India no sufre por falta de opciones, sufre por exceso de ellas. Shreyas Iyer, Ishan Kishan, Sanju Samson, Abhishek Sharma, Vaibhav Sooryavanshi, más los all‑rounders que empujan desde el medio y bajo orden.

Cada uno llega con un caso sólido para ser titular. Pero no todos pueden ocupar sus posiciones preferidas. Y en T20, el lugar en el orden lo cambia todo: ritmo, rol, responsabilidad, tipo de riesgo.

Para AB de Villiers, el problema no es solo elegir “a los mejores”, sino construir una alineación en la que cada bateador sepa exactamente qué se espera de él. Quién acelera desde el inicio. Quién ancla. Quién remata. Quién flota según la situación.
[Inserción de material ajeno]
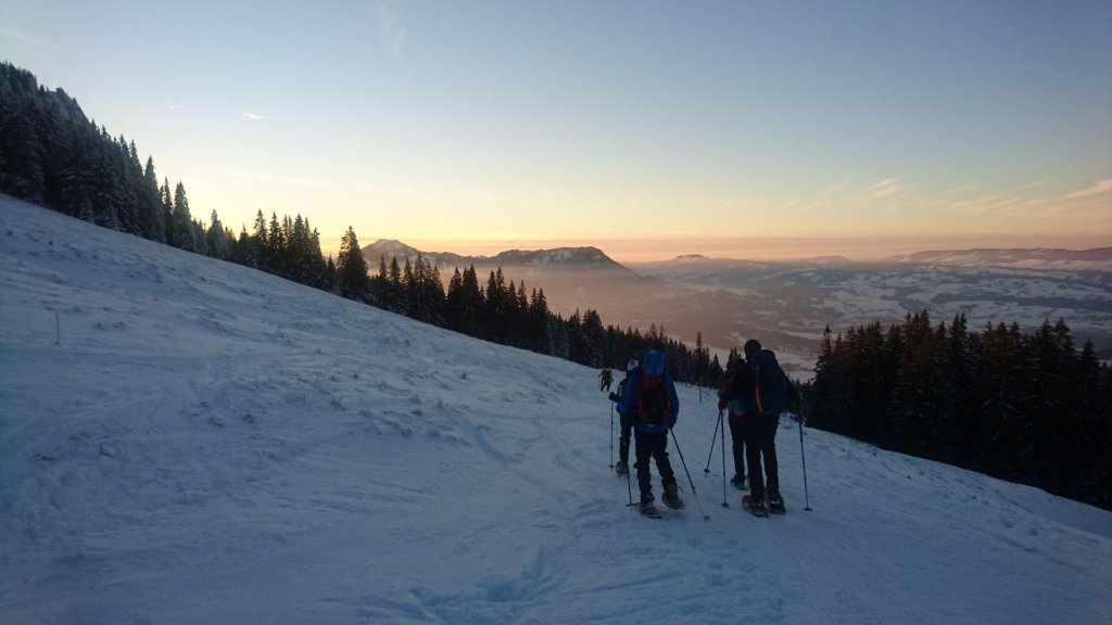 Am Parkplatz in Kranzegg konnte direkt mit Schneeschuhen oder Tourenski gestartet werden. Der erste Wintereinbruch im Allgäu hatte ein bisschen Schnee im Gepäck gehabt. Nicht sonderlich viel, aber trotzdem ging es fröhlich die bekannte Route hinauf zur ersehnten Sonne. Bei ca. -5 Grad im Schatten konnte ein bisschen Wärme echt nicht schaden.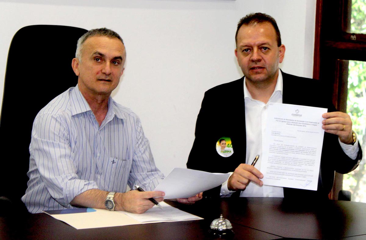O candidato ao governo do Paraná Tulio Bandeira recebeu o termo de compromisso com as propostas da sociedade iguaçuense, nesta quinta-feira, 2, em Foz do Iguaçu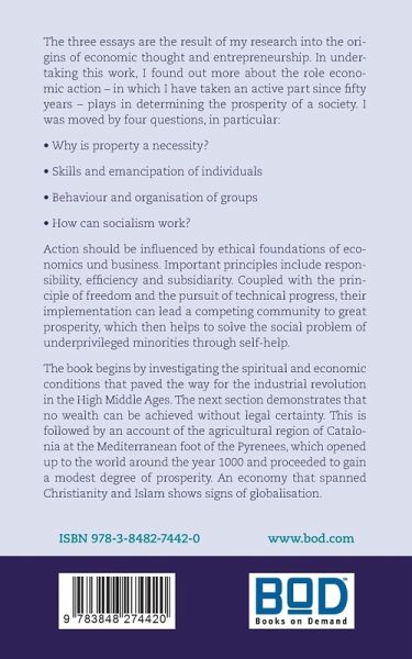 The three essays are the result of my research into the origins of economic thought and entrepreneurship. In undertaking this work, I found out more about the role economic action - in which I have taken an active part since fifty years - plays in determining the prosperity of a society. I was moved by four questions, in particular:- Why is property a necessity?- Skills and emancipation of individuals- Behaviour and organisation of groups- How can socialism work?Action should be influenced by ethical foundations of economics und business. Important principles include responsibility, efficiency and subsidiarity. Coupled with the principle of freedom and the pursuit of technical progress, their implementation can lead a competing community to great prosperity, which then helps to solve the social problem of underprivileged minorities through self-help.The book begins by investigating the spiritual and economic conditions that paved the way for the industrial revolution in the High Middle Ages. The next section demonstrates that no wealth can be achieved without legal certainty. This is followed by an account of the agricultural region of Catalonia at the Mediterranean foot of the Pyrenees, which opened up to the world around the year 1000 and proceeded to gain a modest degree of prosperity. An economy that spanned Christianity and Islam shows signs of globalisation.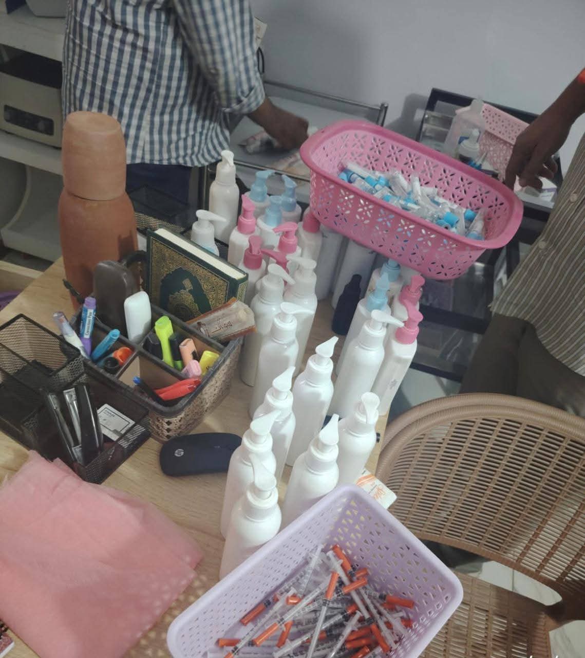 وقامت إدارة العلاج الحر بالمديرية بتعقب وضبط إحدى المراكز فور توافر معلومات بوجود تجهيزات طبية بداخله، حيث تم ضبط أجهزة جلدية، وتقديم خدمات طبية وعلاجية من توقيع كشف وعمل جلسات بشرة وشعر وحقن ووصف علاج مع عدم وجود الأطباء المؤهلين المختصين، وعليه تم اتخاذ الإجراءات القانونية والتشميع الفوري للمركز لتقديمه خدمات علاجية بدون ترخيص ،في وجود العمالة الغير مؤهلة لذلك.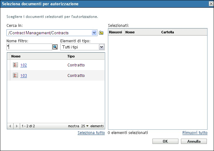 2. Nella finestra di dialogo Seleziona documenti per autorizzazione, specificare un contratto, quindi fare clic su OK.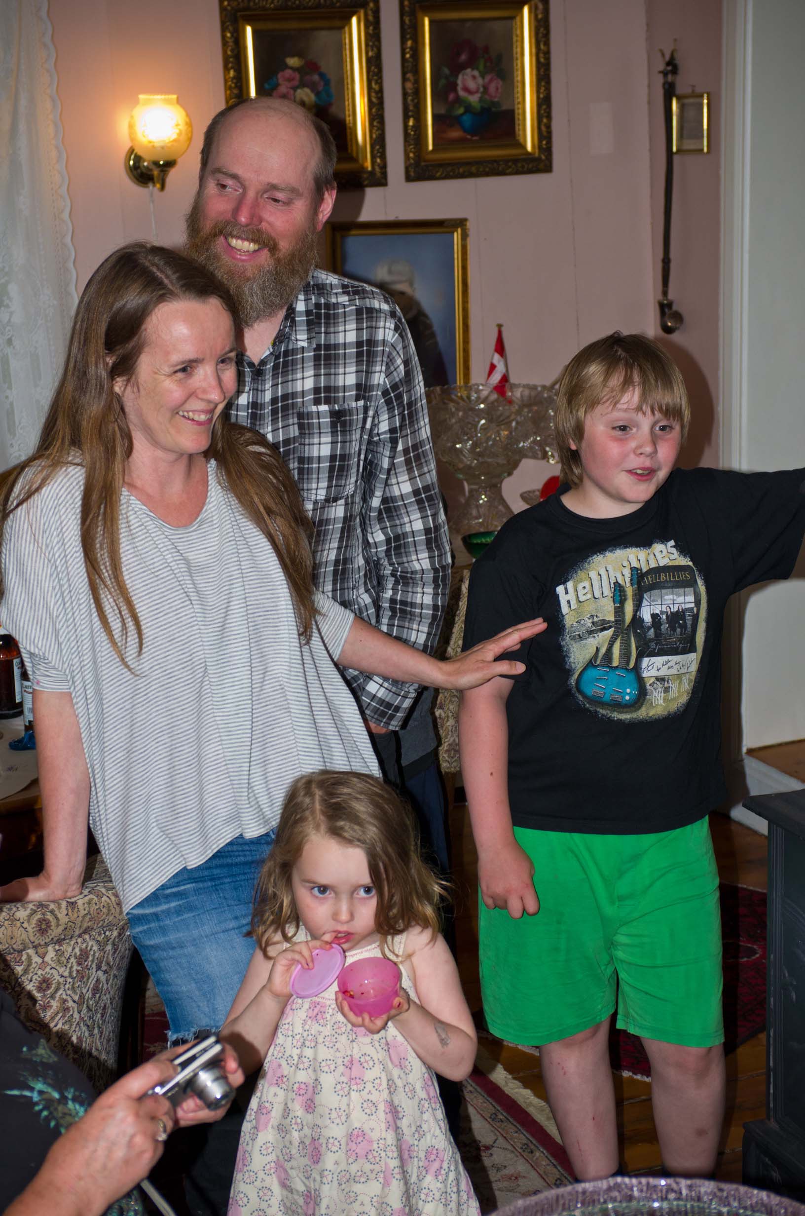 Family gathering at the Bendiksens Arild's children Sophia and Philip, Jan-Erik |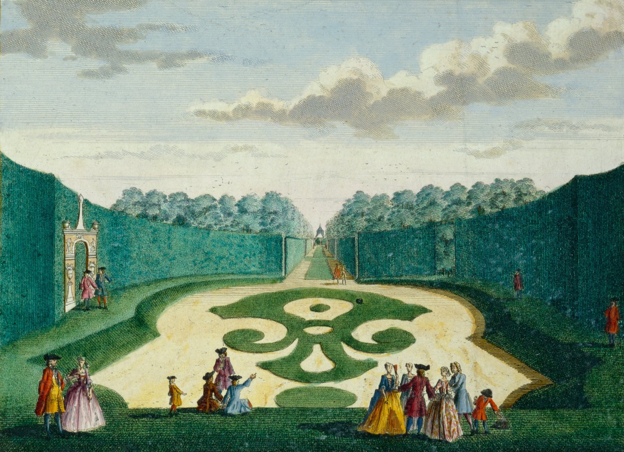 amsterdam · garden design · avenue · society life · formal gardens · male · female · trees · netherlands · c18th · hedges · hedge · maze · park · Private Collection / Bridgeman Images |
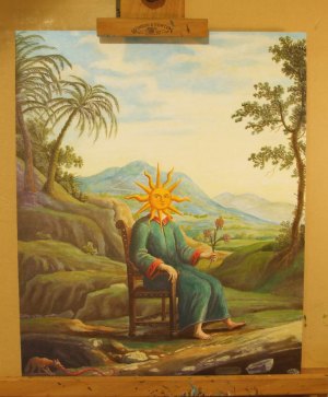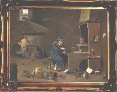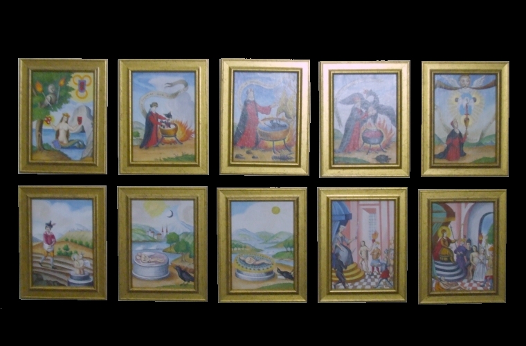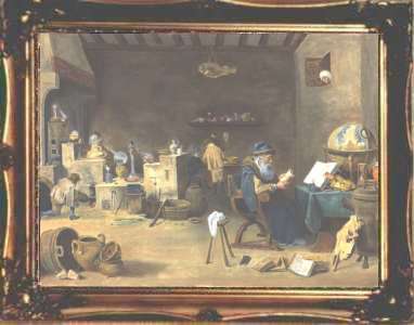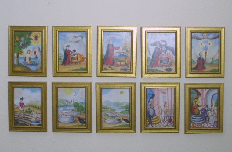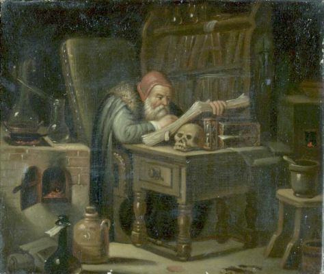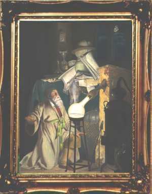 I have been very lucky recently as I have sold four of my 2001 paintings of alchemists to a single collector.
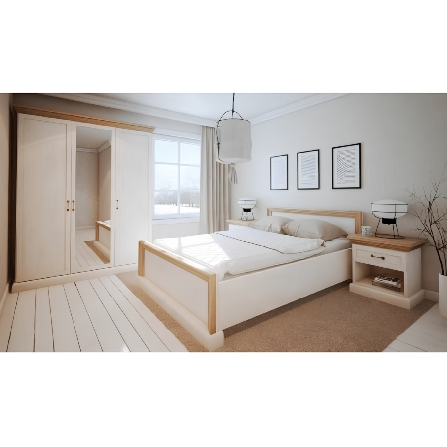 ROYAL L1 ágy az elegáns provence-i stílusú ROYAL elemes bútorcsaládból Ideális a hálószobába. Anyag: váz laminált DTD + díszlécek Színváltozat: északi fenyő vad tölggyel kombinálva Méretek (SzéxMéxMa): 171x212x74 cm Anyagvastagság: 15 mm Fekvőfelület mérete (SzéxMé): 160x200 cm Terhelhetőség: 110 kg Szállítás: szétszerelve Az ágyat ágyráccsal szállítjuk, matrac nélkül Azt javasoljuk, hogy legalább 25 cm magas matracot vásároljon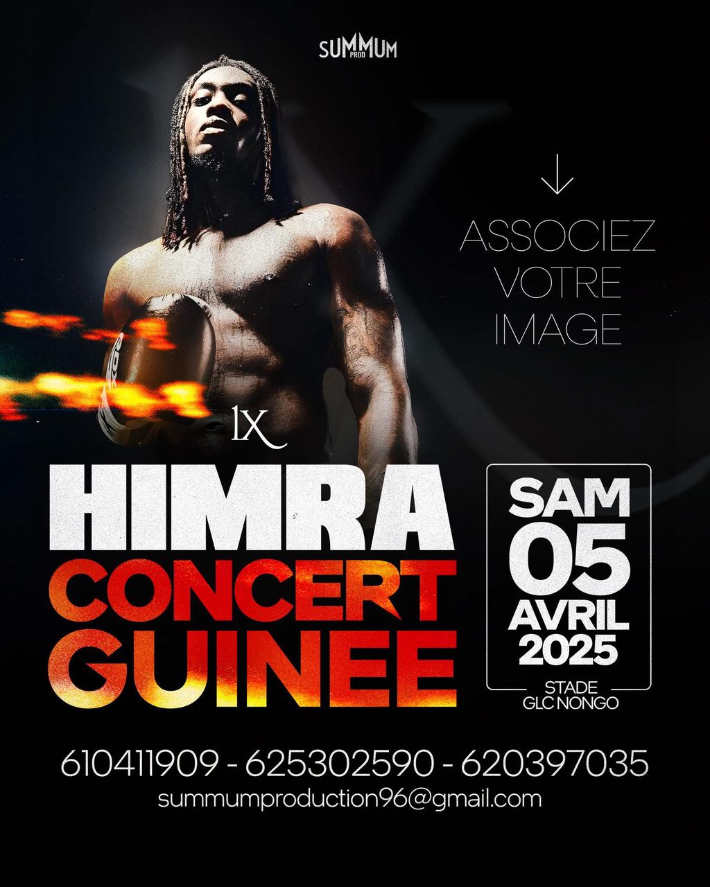 Comme nous l’avions annoncé dans un précédent article, le rappeur ivoirien Himra, en pleine ascension, donnera un concert à Conakry le 5 avril 2025. Alors que le lieu de l’événement restait incertain, la structure organisatrice Summum Prod a finalement tranché. Le concert se tiendra au Stade Général Lansana Conté de Nongo.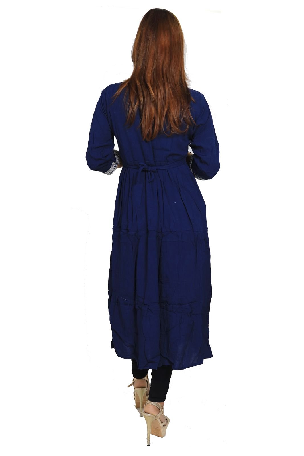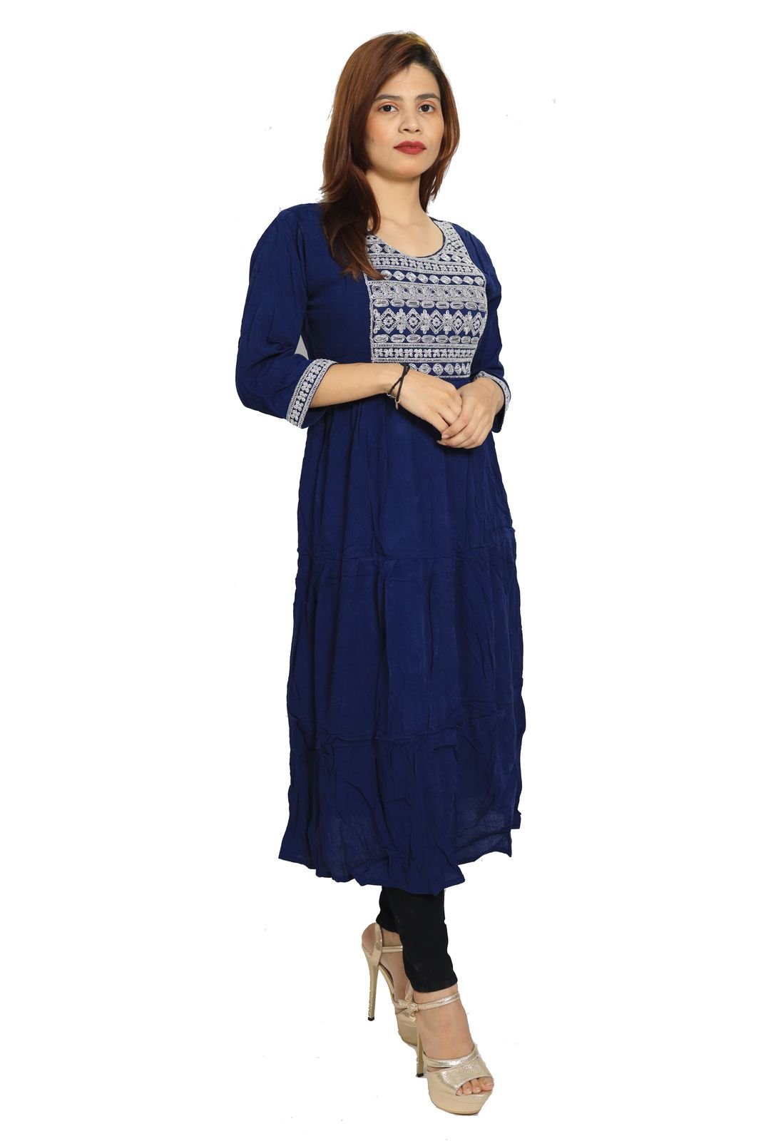 Chain curved square embroided straight Kurti for Womens/ girls (Blue)- Made up of Rayon and designed for you plesant and comfy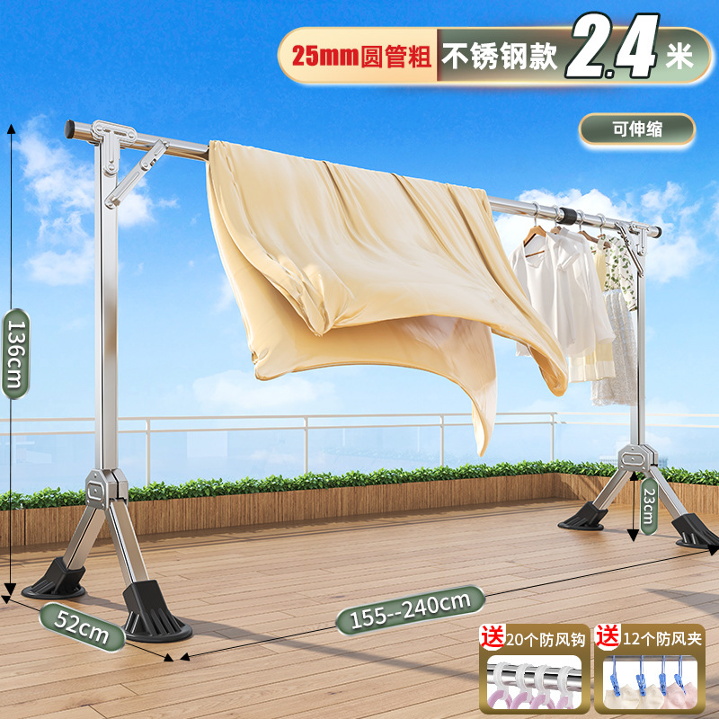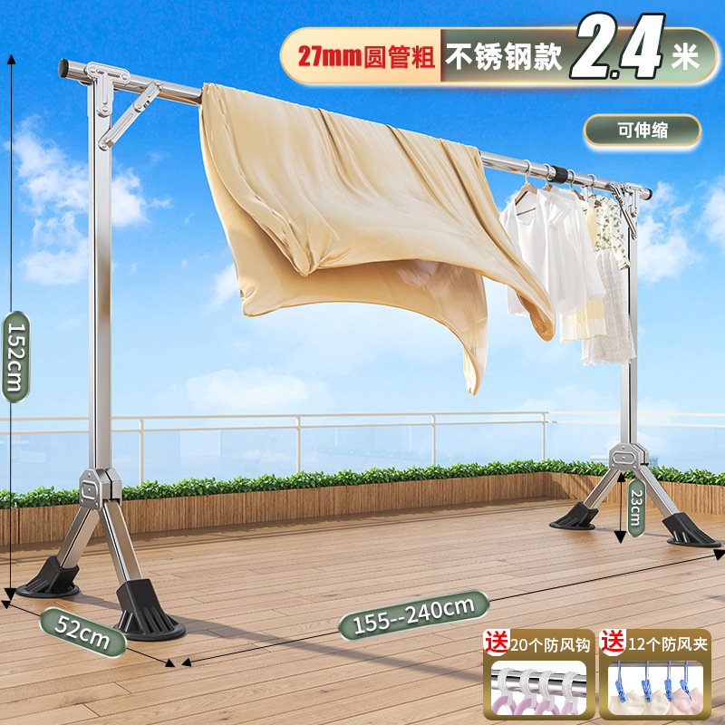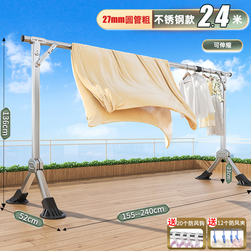 • 강화된 스테인레스 스틸 1.55 - 2.4m 텔레스코픽 - 미끄럼 방지 발 - 프리 후크 양말 클립✦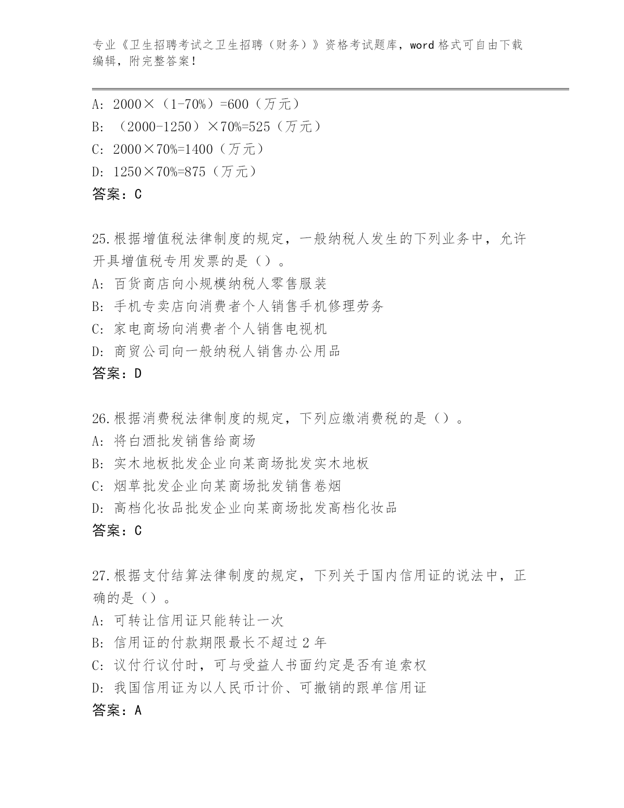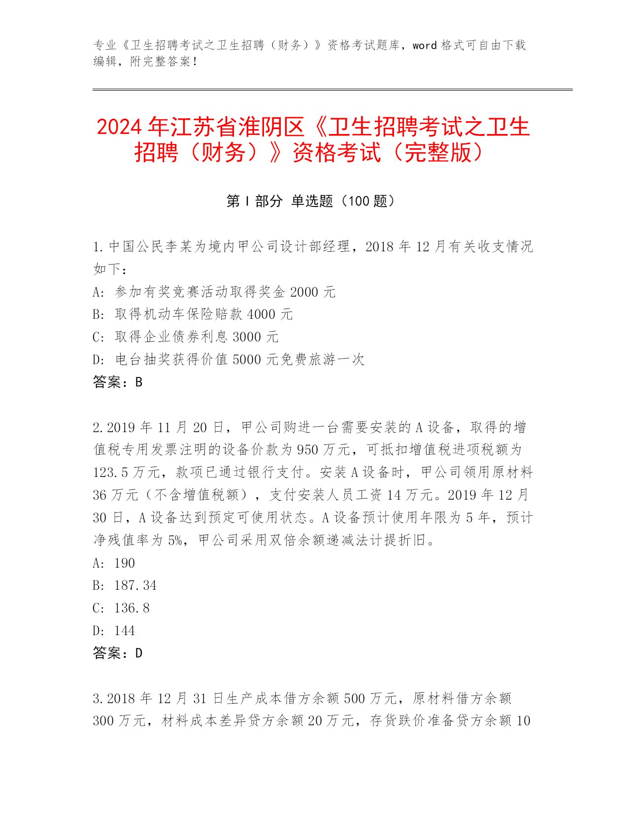 2024年江苏省淮阴区《卫生招聘考试之卫生招聘(财务)》资格考试题库大全(A卷)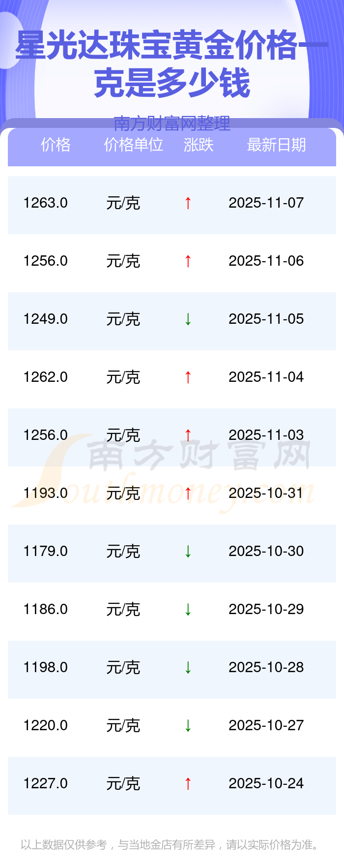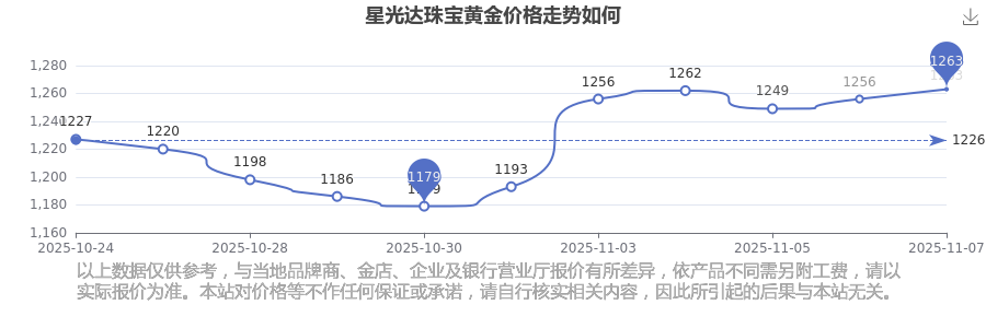 今日(2025年11月9日),星光達(dá)珠寶黃金價(jià)格:1263.0元/克。
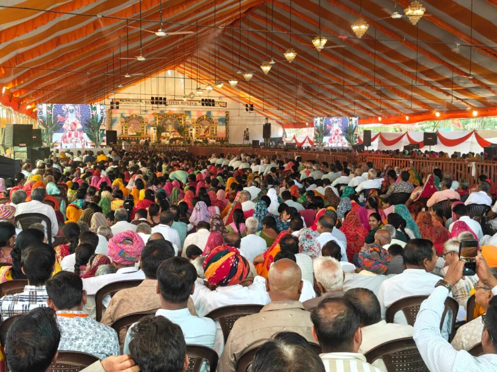 भीलवाड़ा 29 मार्च। परम पूज्य माधव गो विज्ञान अनुसंधान संस्थान एवं श्री सांवरिया सेठ मंदिर ट्रस्ट, नौगांवा के संयुक्त तत्वावधान में आयोजित ‘भागवत समरसता महोत्सव’ के तीसरे दिन रविवार को श्रद्धालुओं की भारी भीड़ उमड़ी। श्रद्धालुओं की हजारों की तादाद में संख्या को देखते हुए पंडाल खचाखच भर गया।

En ese rompecabezas, Tilak Varma es una pieza delicada. Puede entrar en el top‑3, puede estabilizar el medio, puede ser un finisher agresivo. Pero no puede hacerlo todo a la vez. India tiene que decidir qué versión de Tilak quiere… y sostenerla.

Afganistán, rival para experimentar… pero no para relajarse

De Villiers lo dejó claro: India tiene calidad suficiente para competir con Afganistán. La profundidad del plantel permite “jugar un poco” con el XI en un formato tan volátil como el T20.

Pero el sudafricano también subrayó otro punto clave: la claridad de roles será “increíblemente importante” ante una selección a la que considera peligrosa. Afganistán, con su batería de spinners y un estilo directo, castiga la confusión. Si India duda en su plan, lo paga.

El riesgo para India no es solo perder un partido. Es llegar al duelo histórico contra Japón y, más adelante, a los Asian Games 2026, con un orden de bateo que todavía se siente experimental.

El próximo examen de Tilak Varma

La serie ante Afganistán no definirá la carrera de Tilak Varma, pero sí puede marcar un punto de inflexión en la percepción de su rol. Vicecapitán, números potentes, pero con la obligación de convertir esos destellos en impacto sostenido, y de hacerlo desde una posición definida.

India ya sabe que tiene talento de sobra. Lo que aún no sabe es si puede ordenar ese talento para que funcione bajo presión, partido tras partido.

La respuesta empezará a escribirse el 13 de septiembre. Y una de las primeras miradas, inevitablemente, irá directa al lugar en el que aparezca el nombre de Tilak Varma en la tarjeta de alineación.